Integration of LDAP/Active Directory

Last updated: September 19. 2017


1. Introduction

Since the manual definition of users is scalable only up to a certain level, Check_MK provides a facility for using LDAP-based services for managing users, for automatically synchronising users from the home directories, and likewise for assigning contact groups, roles and other attributes to these users in Check_MK automatically. Check_MK is not restricted to a single LDAP source, and it can also distribute the users to other connected sites if required.

2. Configuring an LDAP connection

2.1. Connecting to the Server

Creating a connection to an LDAP-compatible server requires a user with read permission for the server. As a minimum it must have read permission for the persons and groups that it is to synchronise. In the following example this user is called check_mk.

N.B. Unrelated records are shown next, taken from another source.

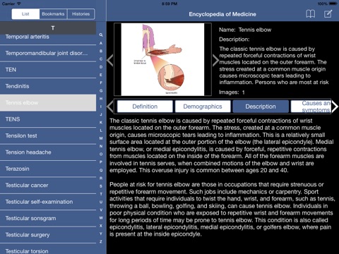 More than 1,800 full-length articles are included in this app and enhanced with 765 images, including photos, charts, tables, and detailed illustrations, including disorders/conditions, tests/procedures, and treatments/therapies. Many common drugs are also covered,with generic drug names appearing first and brand names following in parentheses. Prominent individuals in medicine are highlighted as sidebar biographies that accompany the main topical essays. Articles follow a standardized format that provides information at a glance.
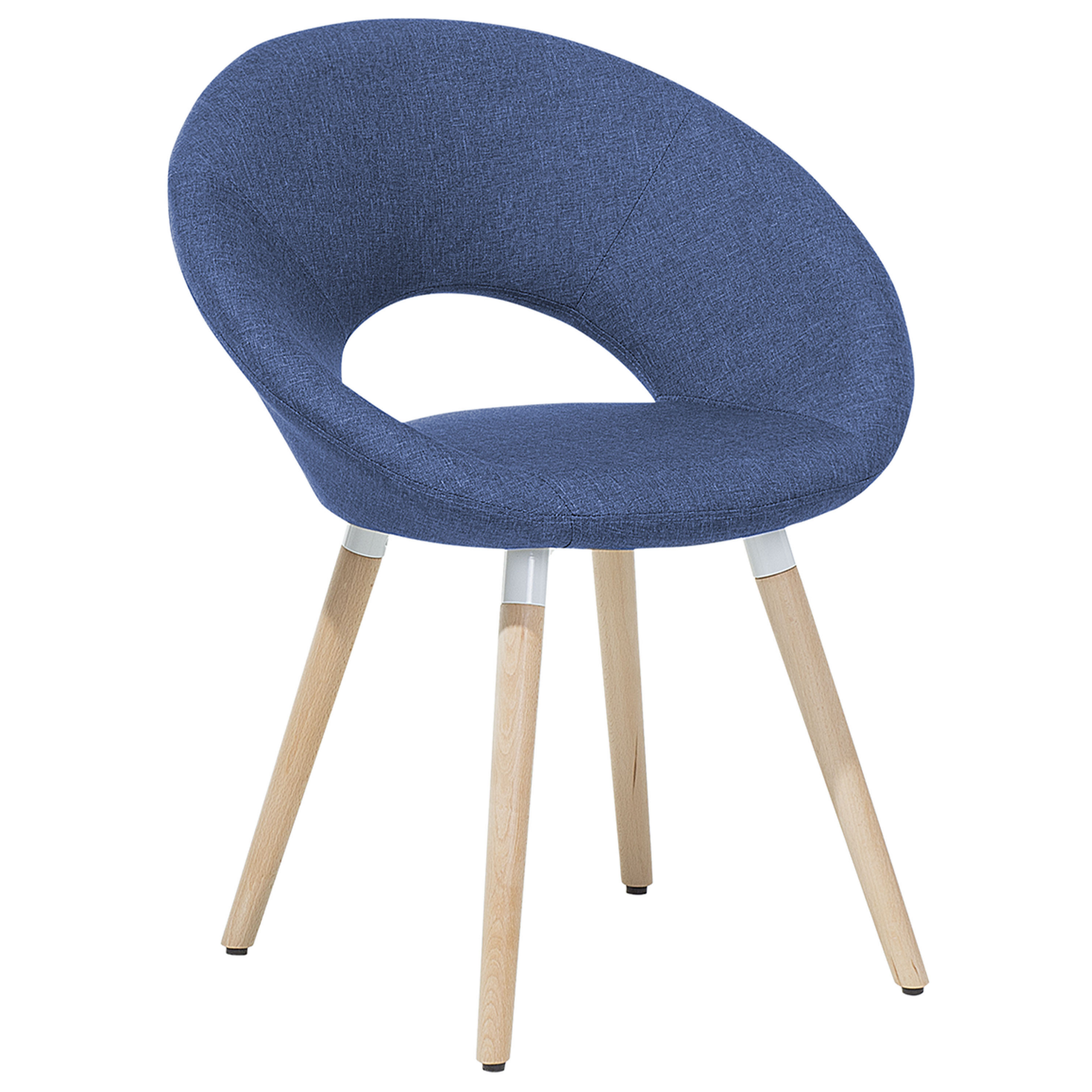 Sie suchen hochwertige und vor allem bequeme Stühle in einzigartigem Design? Dann haben Sie mit diesen trendy Polsterstühlen genau die richtige Wahl getroffen! Die charmanten, bequem gepolsterten Stühle haben dank der runden Form viel Retro Flair und stilvolle Eleganz. Der marineblaue Bezug aus hochwertigem Polyester ist strapazierfähig und besonders pflegeleicht. Ausgefallene Details sind die mittig offen gestaltete Rückenlehne und die sichtbare, weisse Befestigung der stabilen Stuhlbeine aus hellbraunem Buchenholz.  Material: Polyester. Zusätzliches Material: Buchenholz.  Material Zusammensetzung: 100% Polyester Gewicht: 7 Montage: Teilweise montiert Holzart: Fagus Sylvatica Holzursprung: China Gewichtskapazität: 150 Polsterstärke: 6 Sitzhöhe: 46 Das Angebot beinhaltet: 2 x Stühle Sitzfläche: 45x45 Höhe: 80 zusätzliche Information: Um sicherzustellen, dass die Konstruktion stabil und die Nutzungssicherheit gewährleistet ist, sollte man 2 Wochen nach dem Zusammenbau überprüfen, ob die Ware auch korrekt montiert wurde. Ausserdem ist alle 3 Monate zu prüfen, ob die Schrauben richtig festgezogen sind. Breite: 66 Tiefe: 45 Art: Esszimmerstuhl 2er Set Stil: Retro Allgemeine Farbe: Blau Schatten: Marineblau Hauptmaterial: Polyester
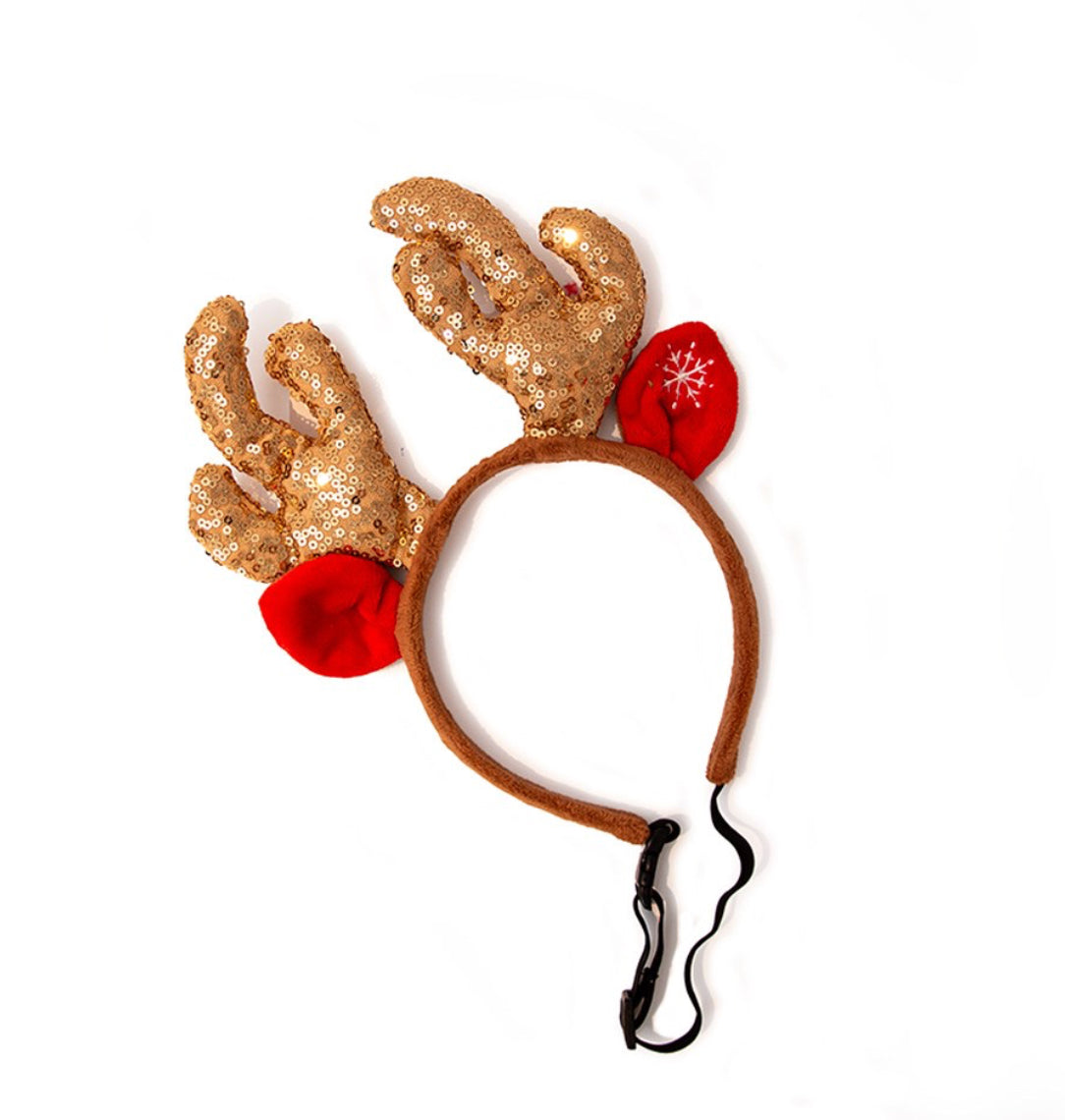 • Sparkly Reindeer Antlers - Adorable sparkly gold sequined antlers with cute red reindeer ears.
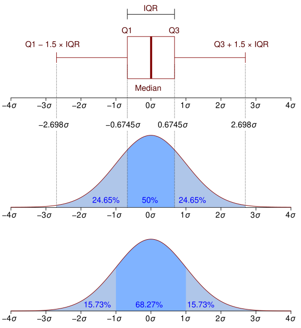 | Квантиль (округлённый до тысячных) | 3,719 | 3,090 | 2,326 | 1,999 | 1,960 | 1,645 | 1,282 | 1,000 | 0,000 |
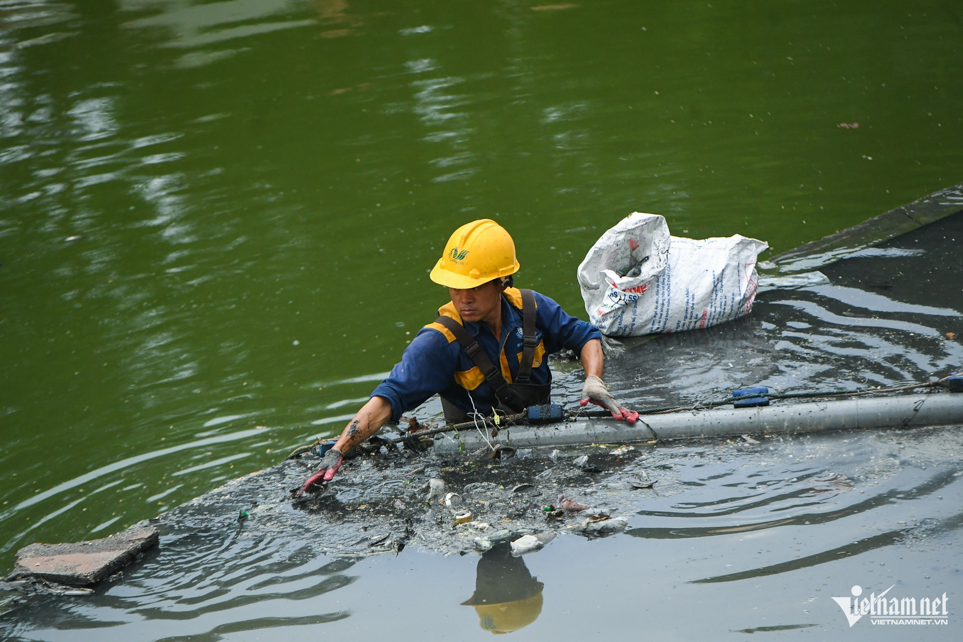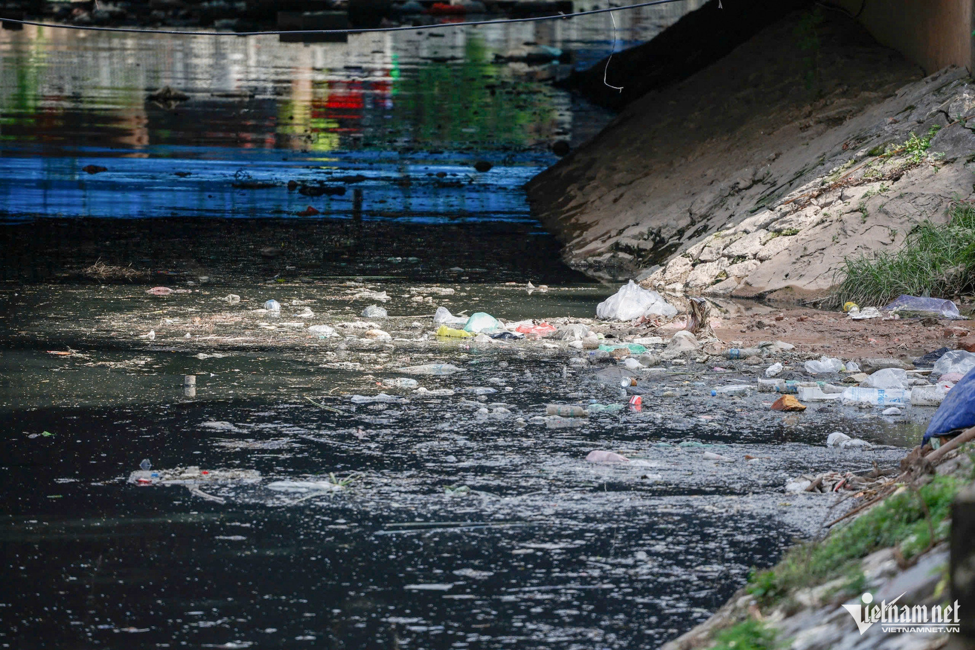 ទន្លេ To Lich ដែលហូរកាត់ទីនេះបានប្រែជាងងឹតម្តងទៀត។
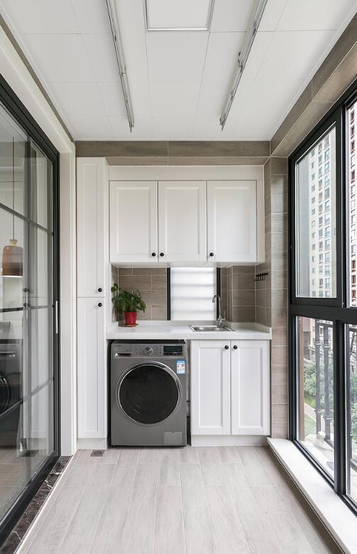 对于阳台来说,通常一边是洗衣柜,另一边是阳台柜,这也是很常见的设计,实用性很好。
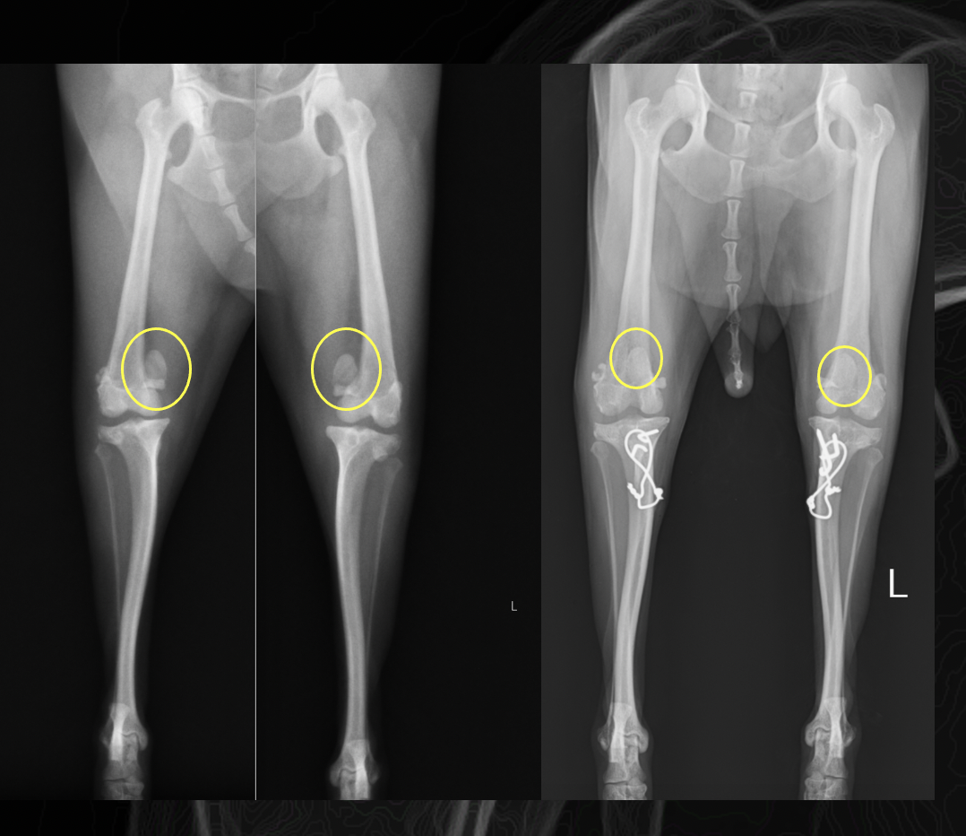 両側脱臼の場合片側ずつやる場合もありますが、基本的には両側同時に手術する場合が多いです。両側同時の方が、術後の足のつき方が良いケースが多く(両側だと着かざるを得ないため、回復が早くなります)、麻酔も1回で終了するためです。最近では年間で40から50件ほどのパテラのオペがあり、関節疾患の中では多い疾患となっています。
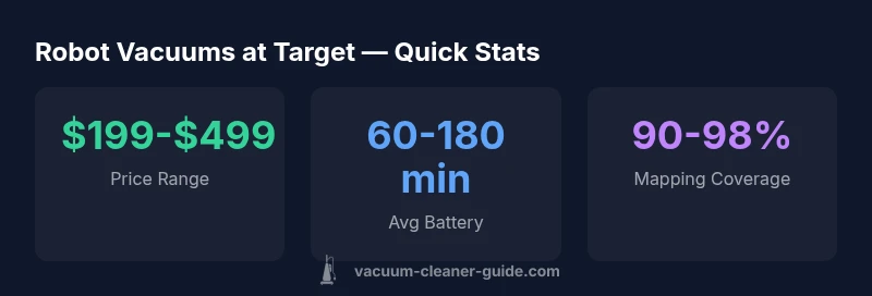 For homeowners and pet owners shopping for a robot vacuum cleaner at target, the current market landscape blends mainstream brands with mid-tier models that deliver reliable cleaning without breaking the bank. Target’s assortment typically includes cordless robots designed for multi-surface cleaning, often featuring mapping, app controls, and pet-hair capabilities. If you compare a robot vacuum cleaner at target across Target’s online catalog and in-store displays, you’ll notice common cores: multi-surface brushes, room-by-room mapping, scheduled cleaning, and compatibility with voice assistants. According to Vacuum Cleaner Guide, shoppers increasingly prioritize pet-hair pickup, reliable navigation, and ease of maintenance when evaluating options at large retailers. This trend influences pricing, promotions, and bundles, shaping what features are emphasized in-store demos and online listings. In practice, a well-chosen model should handle everyday messes, shed hair from pets, and adapt to homes with multiple floor types. Understanding Target’s position within the broader vacuum market helps shoppers gauge value, availability, and trade-offs when selecting a model for a busy household.
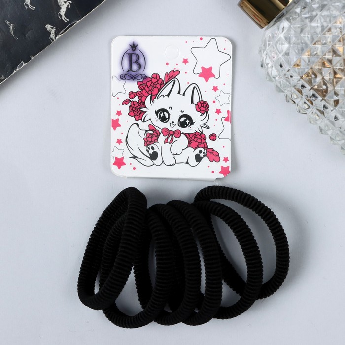 Резинки для волос «Комиксы», набор 6 шт., котик бантик, 5 см, чёрные
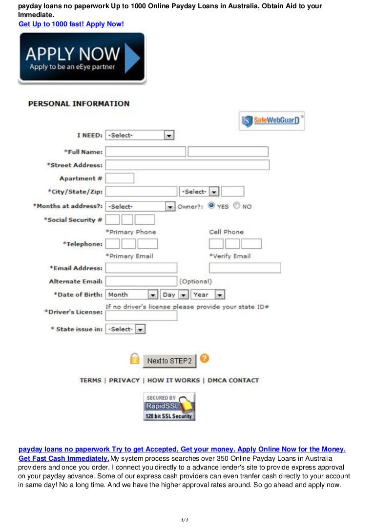 Payday Loans No Paperwork Up To 1000 Cash Loans In Australia Obtain. It is a common situation in south africa when banks reject any applications from people who cannot provide them with one document only. No paperwork loans for your convenience, good for the environment! As a result, we want to help you save the forests with our paperless application process. How we can help with the quick cash loans: Fast loans without paperwork from binixo! So, our no paperwork quick cash loans are there to save you time. For fast loans with no paperwork up to $50,000, choose moneyme. Get up to $50,000 in minutes. Money credited in as little as 30 mins. No paperwork business loans are also faster because lenders typically ask for access to your accounting software and bank accounts online. They're also a convenient way to. ✅ 65 days repayment term! Payday loans are named after the quick turnaround of the debt. Our business is 100% online, so we are a massive saver on waste reduction. We offer low interest ⚡ quick payout!
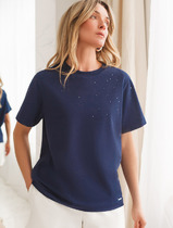 Vilatte Футболка из хлопкового облегченного полотна с принтом фольгой D49.020 че
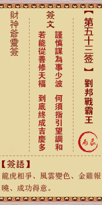 財神靈簽第53簽解籤 財神靈簽第五十三簽
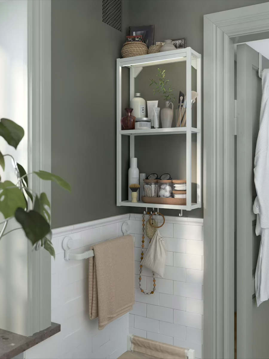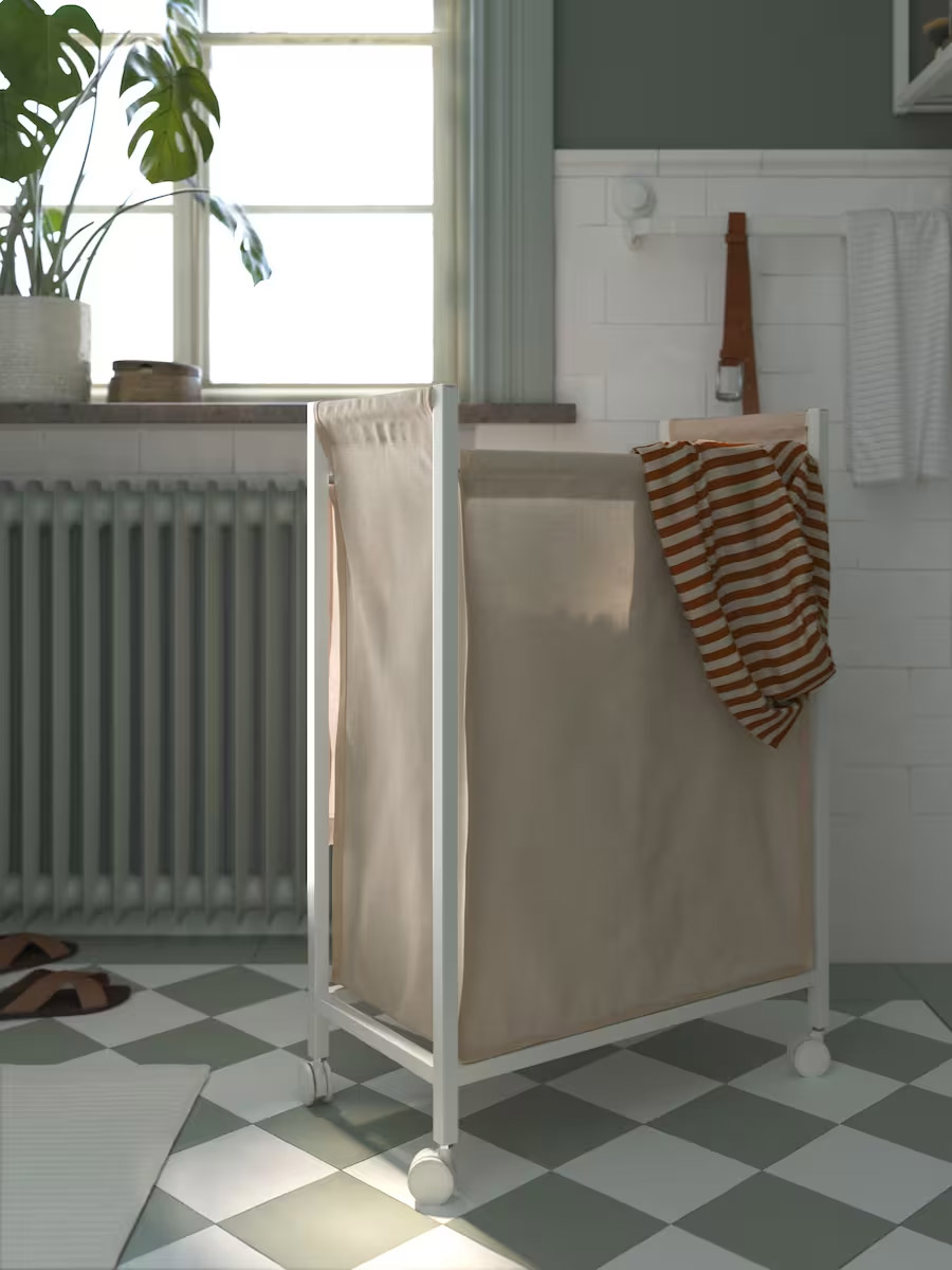 這些節省空間的上牆層架和毛巾架,加上設有活輪的洗衣袋,能令浴室同時擁有固定和靈活彈性的儲物組合。既有固定的地方存放梳洗用品,方便移動的洗衣袋也能收集用過的毛巾。

Under WATO ➳ Users ➳ LDAP Connections ➳ New Connection a new connection can be created. In the input mask, first enter any desired ID for the connection into the General Properties field. A simple meaningful title can be optionally entered in the Description field. As always the ID must be unique and an ID cannot be changed later.

Next, under LDAP Connection the LDAP Server can be defined, as well as one or more Failover-Servers if they are available. Then only the Directory Type needs to be selected, and the user data for the read-access defined under Bind Credentials. Note that the user name with its full LDAP path must be entered. Upper and lower case must not does not need to be taken into account. The configuration should then look something like this:

Check_MK supports more than just Active Directory. To alter the directory to, e.g., OpenLDAP, select it in theDirectory Type field – further configuration alterations resulting from this action occur in only a few locations.

The Failover Servers are used when the actual server is not accessible, or when a time limit has been exceeded. This makes sense if there is no local own server in use, but it is desired to create a redundant connection.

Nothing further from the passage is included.